Effort to Rename Brown v. Board Uncovers Family’s Pain Associated with Being First

Cecil Williams began photographing the civil rights movement in South Carolina when he was just 14 years old.

In the 1950s, as a teenager, he documented the South Carolina case, Briggs v. Elliott, which challenged segregation in public education. This case eventually became part of the landmark Brown v. Board of Education ruling by the U.S. Supreme Court.

Williams, now 86, still reflects on the injustices that occurred in South Carolina following the Briggs case. Many petitioners lost their jobs and some were forced to leave town. The consequences of the case continue to affect generations.

“They were ostracized in their own community,” Williams said.

Since the 1960s, Williams has been advocating for a correction in the naming and ordering of Brown v. Board of Education. He believes that Briggs v. Elliott should have been given more prominence and recognition for its role in the landmark case.

Mullikin, a South Carolina attorney and civil rights organizer, has taken up the cause of renaming Brown v.

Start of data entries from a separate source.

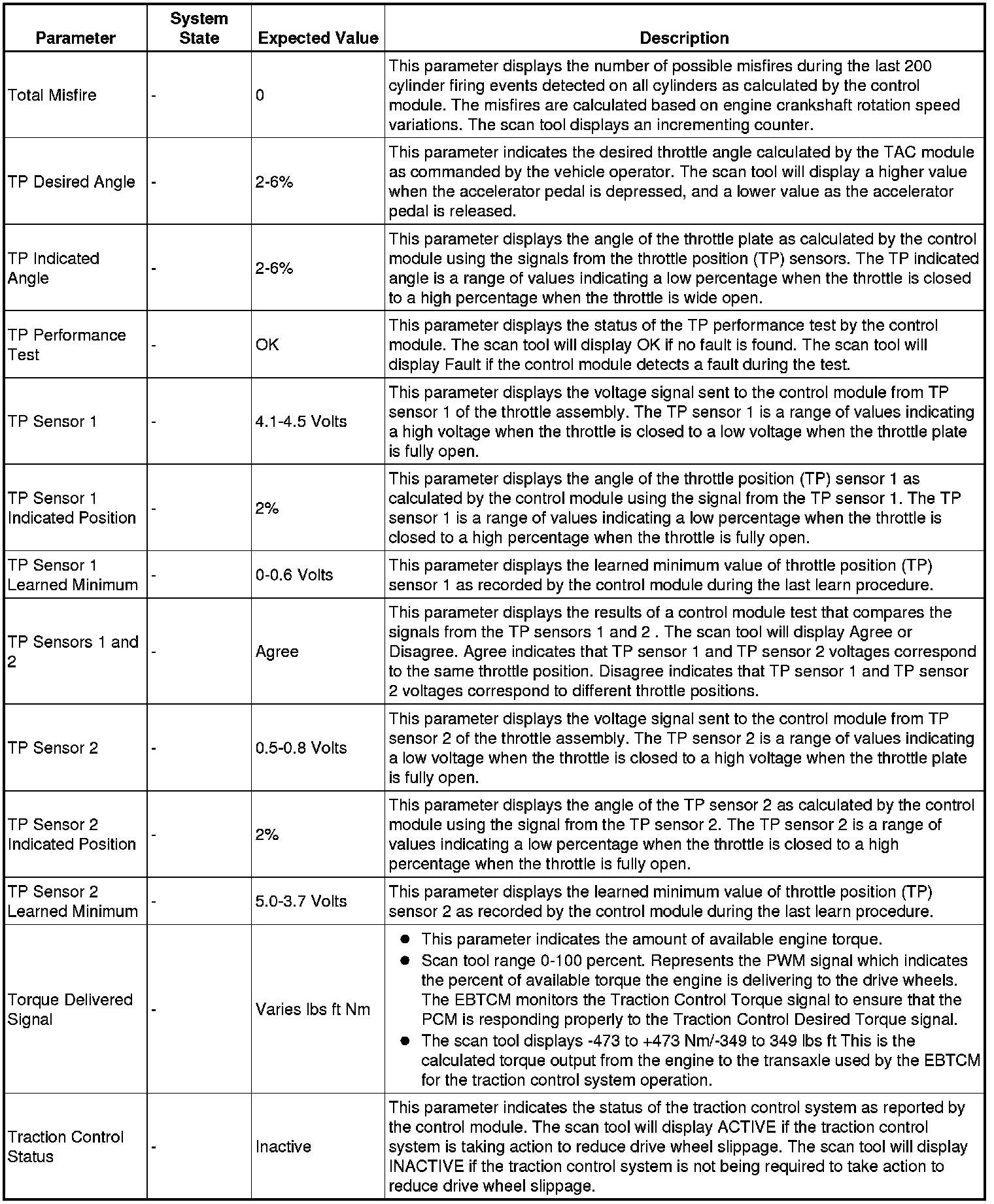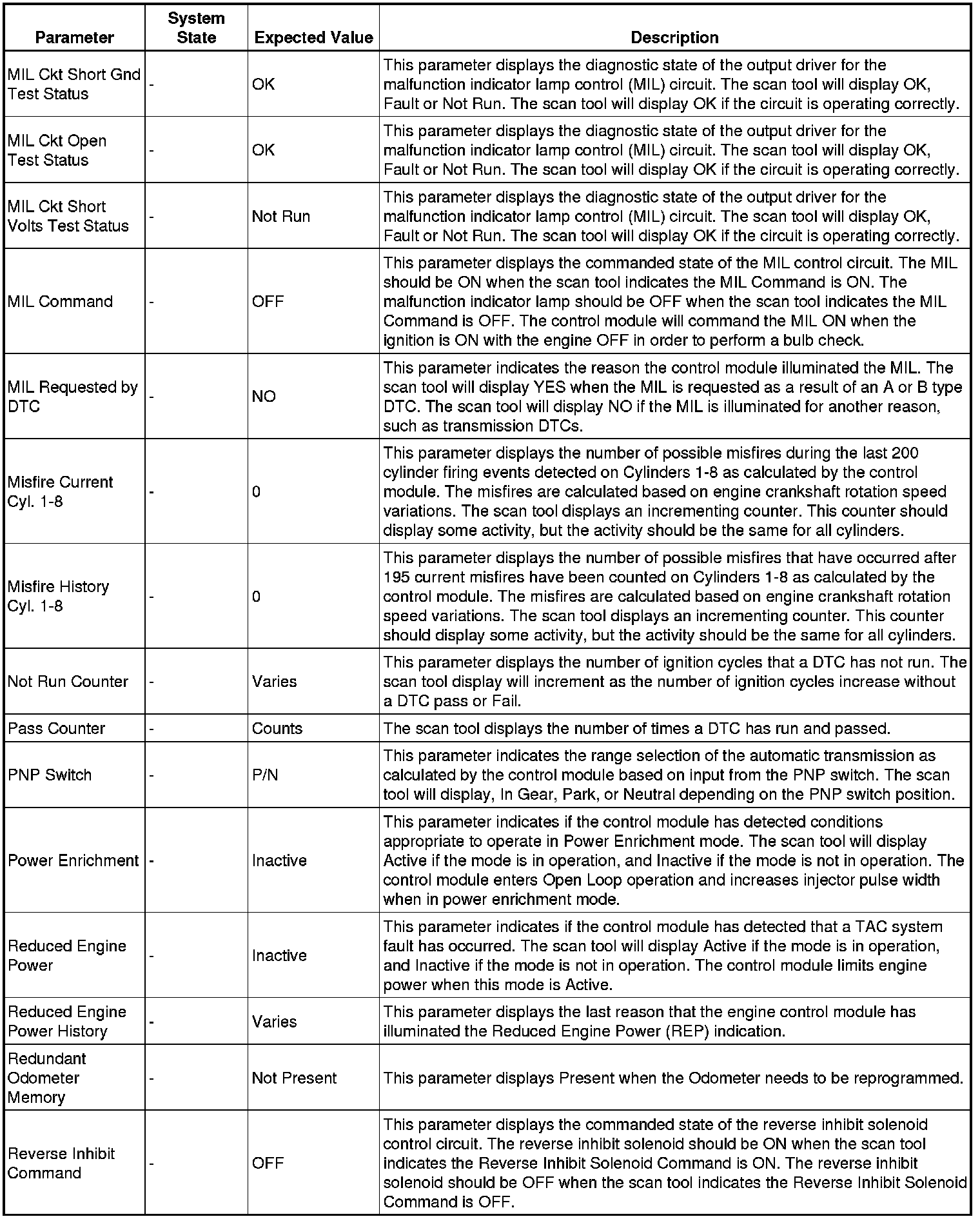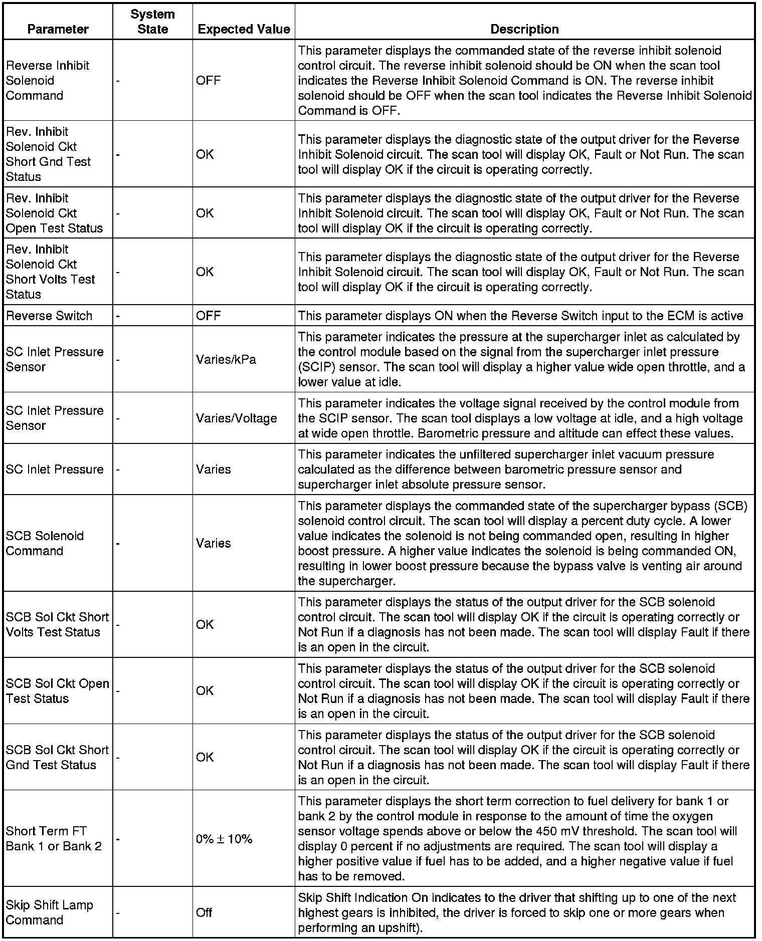 Only the parameters listed below are referenced in this service manual for use in diagnosis.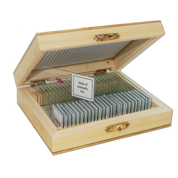 Набор из 25 готовых слайдов для биологических микроскопов. Упакован в деревянную коробочку.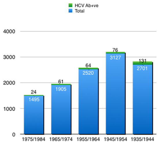 The study population included 11,748 subjects (Figure 1), of whom the majority were male (53.50%). The mean age was 64.6 ± 12.1 years. The number of patients admitted was partially affected by the COVID-19 pandemic: there was a 36.10% reduction in the total number of patients admitted to the hospital, across many different diseases and conditions, in comparison to the previous year. Overall, 356 (3.03%) had a positive HCVAb result (Table 1). The rate of HCVAb-positive males was significantly higher than that of females (60.41% vs. 39.60%, p = 0.047). The number of positive HCVAb results with respect to age cohorts is reported in Figure 2. The positivity rate increased with age, confirming the already-known birth cohort effect associated with HCV infection in Italy [13,15]. For subjects born from 1935 to 1944, the 4.8% HCVAb positivity rate was significantly higher than for subjects born 10 or 20 years earlier (p = 0.0001), with prevalence rates of 2.4% and 2.5%, respectively. An increment of 3.20% in the rate of HCVAb positivity was observed among subjects of birth cohort 1965–1974. This was lower than the rate observed among the oldest cohort (p = 0.006), but not different from the peaks observed among people born between 1945 and 1954 or 1955 and 1964. Overall, 271 of 356 (76.1%) HCVAb positive patients were 56 or older (Table 2).

Board of Education. He spent years interviewing the families involved in the original Briggs case before filing a brief with the U.S. Supreme Court in November 2023. However, earlier this month, the justices denied the petition without comment.

Civil rights activist and former South Carolina legislator Jim Felder, Clemson University’s Dr. Roy Jones, photographer Cecil Williams, attorney Tom Mullikin, plaintiff family member Nathaniel Briggs and state Rep. Terry Alexander on the day Mullikin filed his Supreme Court petition. (Mullikin Law Firm)

Mullikin is determined to continue fighting for the renaming of Brown v. Board of Education, stating that there is a price to being the first, and the people involved in the Briggs case paid that price with their lives, economic fortunes, and livelihoods.

For Nathaniel Briggs, the renaming of Brown v. Board of Education is personal. The Briggs family faced their own hardships following the case, including his father losing his job and ultimately being forced to leave the family. Briggs believes that the stories of the Briggs family and the other families involved in the Clarendon County case have been overlooked and forgotten.

The Supreme Court brief filed by Mullikin argued that Brown v. Board of Education had been incorrectly named due to a clerical error. The petitioners in the Briggs case deserve to be recognized for their sacrifices and rightful place in history, according to the brief.

Despite the efforts to rename Brown v. Board of Education, there are some historians who believe that the case was given preference strategically. The court saw an opportunity to push the issue of school segregation onto a national platform, and choosing a case from a “border state” like Kansas made it easier than choosing one from a Deep South state like South Carolina.

The Briggs family faced numerous challenges and hardships as a result of their involvement in the case. They were forced to move multiple times and faced discrimination and economic struggles. The impact of segregation still lingers in Clarendon County, where schools remain de facto segregated and underfunded.

In conclusion, the quest to rename Brown v. Board of Education highlights the enduring legacy of the case and the ongoing challenges of school segregation in America. It is important to recognize the sacrifices made by the families involved and work towards achieving justice and equality in education.